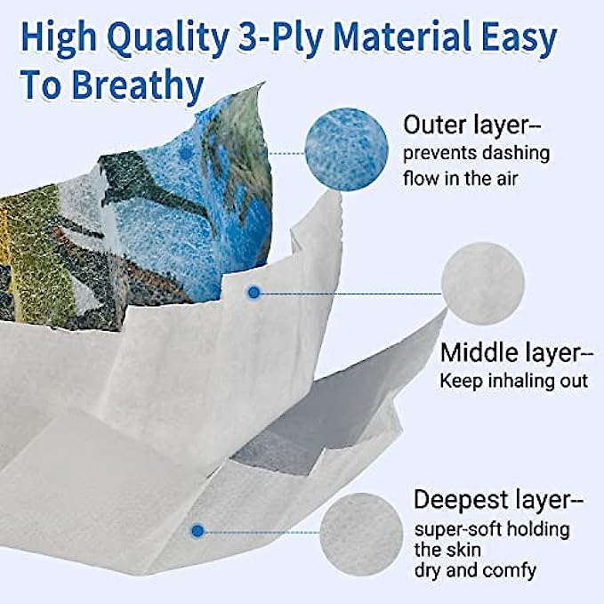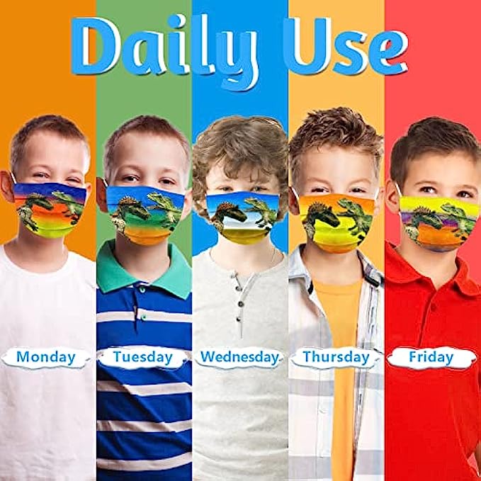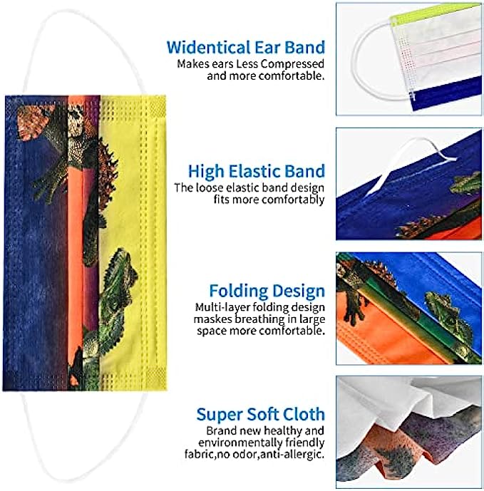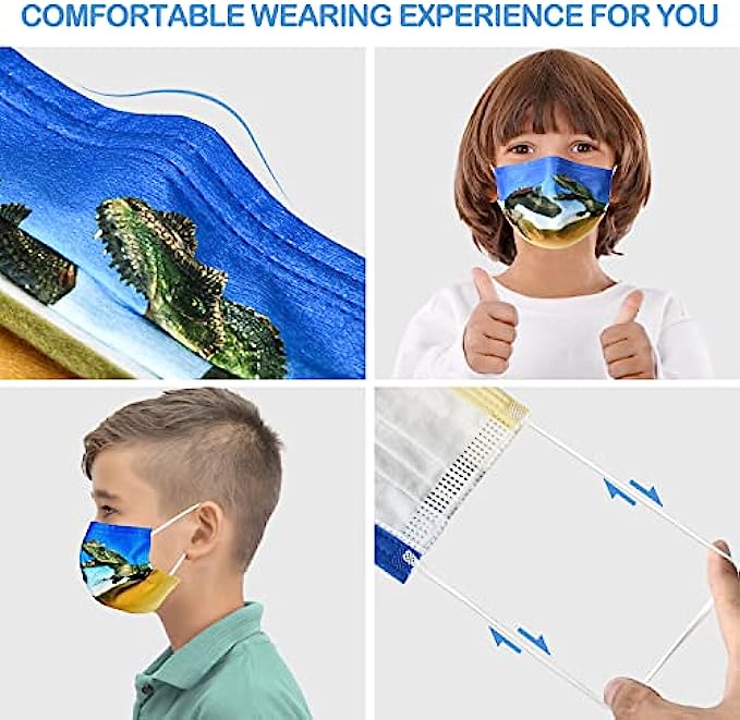 • 【3 Protective Layers】- Our dinosaurs disposable kids face mask is sized at 5.9inches x 3.9inches with 3 Ply layers , The Outer color layer is a water-resistant layer, say goodbye to splashing liquid; Middle layer is a filtering layer, say bye to particles from 0.3 to 1.0 pm. Inner layer is a water absorbing layer, which can absorb the moisture from the breath of the wearer, avoid the filtering layer from getting wet.
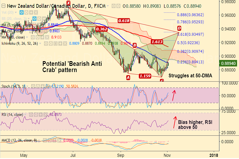 - We see a potential bearish 'Anti Crab' pattern forming on NZD/CAD daily charts which raises scope for upside.
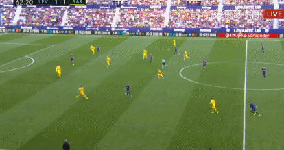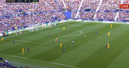 65分钟皮克中场铲倒马约拉尔被黄牌警告,巴萨用法蒂换下阿图尔。67分钟朗格莱肘击梅莱罗被黄牌警告,坎帕尼亚右路任意球传中被顶出,拉多亚大禁区中路凌空抽射,皮球被布斯克茨挡入网窝。3-1,莱万特扩大优势!74分钟梅西射门击中后卫,梅西跟进左脚扣过后卫推射破门。由于格里兹曼做球时越位,此球被吹为无效。
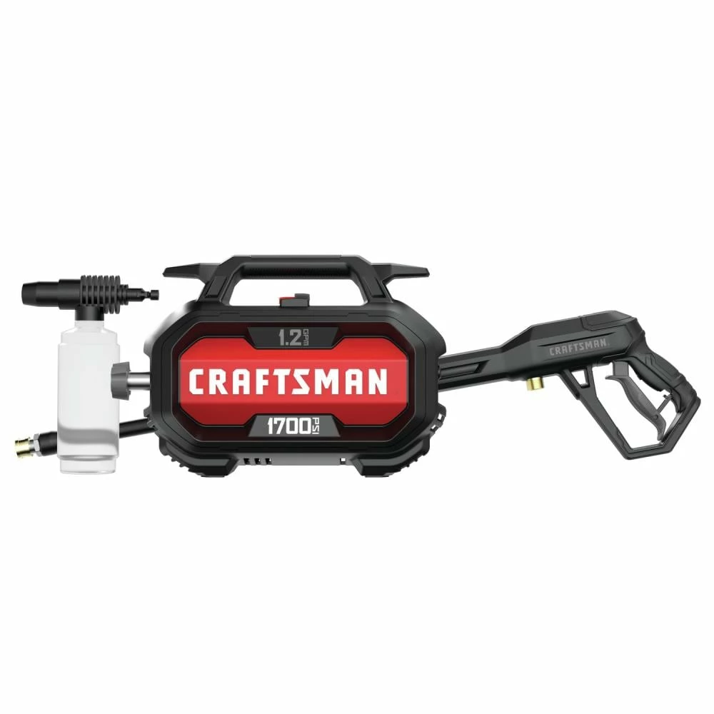 CRAFTSMAN® 1,700 MAX PSI Electric Cold Water Pressure Washer is compact for storage, but powerful enough for your outdoor cleaning tasks. With a soap applicator and two nozzles, including a turbo nozzle, you have the accessories you need to wash your car or clean your back patio. The pressure washer wand contains a comfort grip that is designed for ease of use.
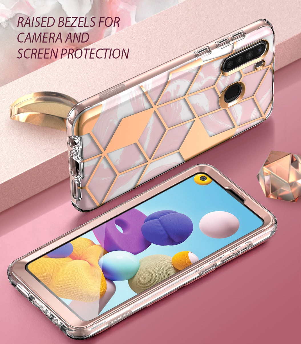 - STYLISH AND PROTECTIVE - Shock absorbent TPU lining wraps your phone safely and securely. Trendy Liquid Marble with golden or silver design lining scratch-resistant back protects your phone from scratch and fade, Touch-sensitive screen protector completes this 360-degree protection for your Samsung Galaxy A21.
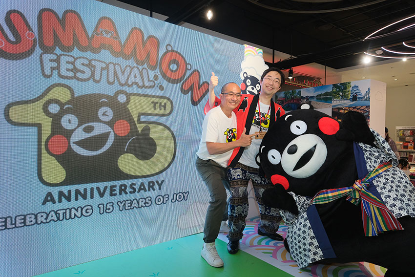 นายกฤษณ์ สกุลพาณิช (คนแรกซ้าย) ประธานบริหารสูงสุด บริษัท (เดกซ์) ดรีม เอกซ์เพรส จำกัด และ มร. ทาคาชิ คิมูระ (ที่ 2 จากขวา) ผู้ว่าราชการจังหวัดคุมาโมโตะ พร้อมด้วย “คุมะมง” ผู้บริหารด้านการตลาดและตัวแทนความสุขประจำจังหวัดคุมาโมโตะ จับมือ มร. อัตสึชิ โอะคูโมริ (ที่ 2 จากซ้าย) กรรมการผู้จัดการ บริษัท สยาม ทาคาชิมายะ (ประเทศไทย) จำกัด และ มร. จิโร โทมินากะ รองผู้จัดการทั่วไปฝ่ายธุรกิจต่างประเทศของบริษัท ADK Emotions, Inc. ร่วมฉลอง ครบรอบ 15 ปี คุมะมง ภายใต้กิจกรรม “Kumamon Festival Celebrating 15 Years of Joy” บริเวณ Event Space ชั้น 4 ณ ห้างสรรพสินค้าสยาม ทาคาชิมายะ ไอคอนสยาม
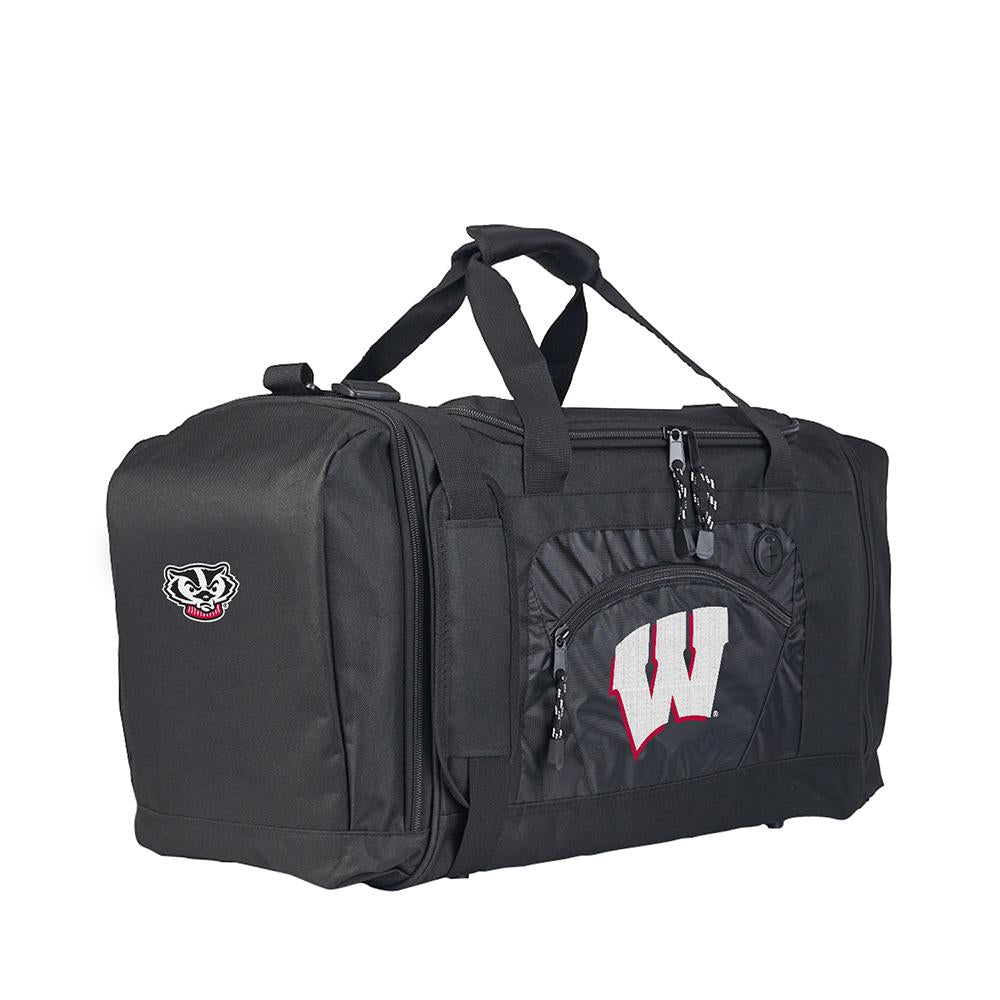 Wisconsin Badgers NCAA Roadblack Duffel Bag (Black/Black) Carry around this Officially Licensed “Roadblock” Duffel Bag by The Northwest Company! Pick up the straps with the securely latched handles as you’re heading out on the road; it’s the perfect size for any of your belongings! There is a large front zippered compartment, along with three exterior pockets, with a ventilated wet/dry pocket! Keep the padded shoulder strap on, or detach it – it’s your call! Show off your favorite team with this 20L x 11.5W x 13H duffel bag. 600D Polyester. Spot clean only. Spot clean only. Ventilated wet/dry pocket Large front zippered compartment Three exterior pockets Officially Licensed

########

• _WHAT THE TASK REQUIRES_
Please reprint the whole listing exactly and omit its pictures.

• _ANSWER TO THIS TASK_
 • 【3 Protective Layers】- Our dinosaurs disposable kids face mask is sized at 5.9inches x 3.9inches with 3 Ply layers , The Outer color layer is a water-resistant layer, say goodbye to splashing liquid; Middle layer is a filtering layer, say bye to particles from 0.3 to 1.0 pm. Inner layer is a water absorbing layer, which can absorb the moisture from the breath of the wearer, avoid the filtering layer from getting wet.
 - We see a potential bearish 'Anti Crab' pattern forming on NZD/CAD daily charts which raises scope for upside.
 65分钟皮克中场铲倒马约拉尔被黄牌警告,巴萨用法蒂换下阿图尔。67分钟朗格莱肘击梅莱罗被黄牌警告,坎帕尼亚右路任意球传中被顶出,拉多亚大禁区中路凌空抽射,皮球被布斯克茨挡入网窝。3-1,莱万特扩大优势!74分钟梅西射门击中后卫,梅西跟进左脚扣过后卫推射破门。由于格里兹曼做球时越位,此球被吹为无效。
 CRAFTSMAN® 1,700 MAX PSI Electric Cold Water Pressure Washer is compact for storage, but powerful enough for your outdoor cleaning tasks. With a soap applicator and two nozzles, including a turbo nozzle, you have the accessories you need to wash your car or clean your back patio. The pressure washer wand contains a comfort grip that is designed for ease of use.
 - STYLISH AND PROTECTIVE - Shock absorbent TPU lining wraps your phone safely and securely. Trendy Liquid Marble with golden or silver design lining scratch-resistant back protects your phone from scratch and fade, Touch-sensitive screen protector completes this 360-degree protection for your Samsung Galaxy A21.
 นายกฤษณ์ สกุลพาณิช (คนแรกซ้าย) ประธานบริหารสูงสุด บริษัท (เดกซ์) ดรีม เอกซ์เพรส จำกัด และ มร. ทาคาชิ คิมูระ (ที่ 2 จากขวา) ผู้ว่าราชการจังหวัดคุมาโมโตะ พร้อมด้วย “คุมะมง” ผู้บริหารด้านการตลาดและตัวแทนความสุขประจำจังหวัดคุมาโมโตะ จับมือ มร. อัตสึชิ โอะคูโมริ (ที่ 2 จากซ้าย) กรรมการผู้จัดการ บริษัท สยาม ทาคาชิมายะ (ประเทศไทย) จำกัด และ มร. จิโร โทมินากะ รองผู้จัดการทั่วไปฝ่ายธุรกิจต่างประเทศของบริษัท ADK Emotions, Inc. ร่วมฉลอง ครบรอบ 15 ปี คุมะมง ภายใต้กิจกรรม “Kumamon Festival Celebrating 15 Years of Joy” บริเวณ Event Space ชั้น 4 ณ ห้างสรรพสินค้าสยาม ทาคาชิมายะ ไอคอนสยาม
 Wisconsin Badgers NCAA Roadblack Duffel Bag (Black/Black) Carry around this Officially Licensed “Roadblock” Duffel Bag by The Northwest Company! Pick up the straps with the securely latched handles as you’re heading out on the road; it’s the perfect size for any of your belongings! There is a large front zippered compartment, along with three exterior pockets, with a ventilated wet/dry pocket! Keep the padded shoulder strap on, or detach it – it’s your call! Show off your favorite team with this 20L x 11.5W x 13H duffel bag. 600D Polyester. Spot clean only. Spot clean only. Ventilated wet/dry pocket Large front zippered compartment Three exterior pockets Officially Licensed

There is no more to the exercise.